Embora seja óbvio que muitas ideias científicas surgem da observação da natureza, isso não significa que os saberes indígenas devem ser aceitos como cientificamente válidos apenas por serem indígenas, sem uma análise criteriosa: populações que habitam seus territórios há séculos ou milênios desenvolvem crenças sobre esses territórios, crenças que podem ter imenso valor empírico, social, emocional ou psicológico. Mas esse valor não determina se tais crenças correspondem ou não aos fatos do mundo, e é por isso que precisamos de ciência: na Europa medieval, por exemplo, era “conhecimento tradicional nativo” que a Terra se encontrava no centro do Universo, orbitada pelo Sol e demais planetas.

Em julho de 2021, professores da Universidade de Auckland, na Nova Zelândia, publicaram uma carta na revista New Zealand Listener intitulada “Em defesa da ciência”. Na carta, os sete professores se opunham a um parecer técnico do Ministério da Educação que recomendava a paridade entre a Matauranga Maori, o conhecimento tradicional Maori, e os outros corpos de conhecimento credenciados pelo NCEA, o certificado nacional de desenvolvimento educacional.

A carta defende que a ciência é universal, com contribuições de várias partes do mundo, e não uma construção, apenas, da Europa Ocidental. Reconhece a importância do conhecimento indígena, mas termina por dizer que este conhecimento fica muito distante do que é ciência. De fato, um conhecimento só se torna realmente relevante para a ciência — e aplicável de maneira confiável — quando é submetido a métodos rigorosos de validação que garantam sua consistência e eficácia. Sem essa validação, ele pode ter valor anedótico ou histórico, mas não atinge o status de conhecimento científico.

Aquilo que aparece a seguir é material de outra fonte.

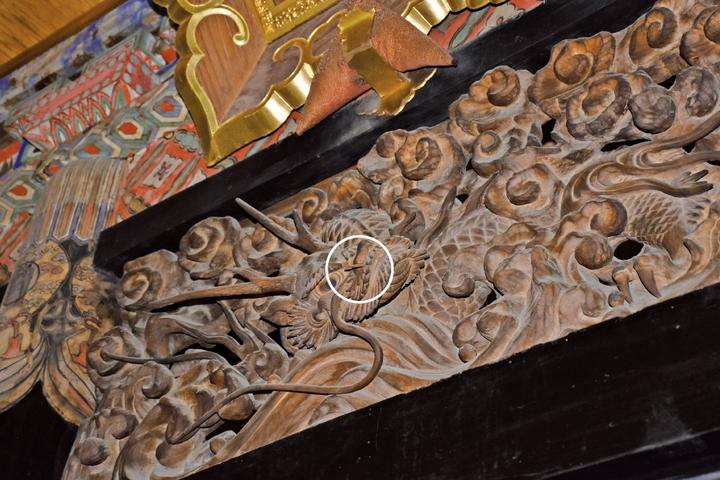 それが、この龍は西念寺に掛けられていた欄間の彫刻の龍だとわかり、住職はこれを作った長五郎に「二度と飛んで出ないように止(そど)めの釘を打ってほしい」と頼み、それから龍の飛んだ姿を見かけた人がいなくなったという。

Uma evidência, ainda que anedótica e indireta, de que o tema abordado pelo artigo da Science parece estar mais alinhado a ativismo panfletário do que à promoção de um debate construtivo sobre ideias concretas na ciência é o que ocorreu após a publicação da carta: uma intensa campanha de cancelamento dos chamados “sete da Listener”, como passaram a ser conhecidos os autores. Manifestações de defesa e ataque aos docentes envolveram instituições e cientistas como Richard Dawkins, a Royal Society da Nova Zelândia, a cúpula da Universidade de Auckland e o governo neozelandês.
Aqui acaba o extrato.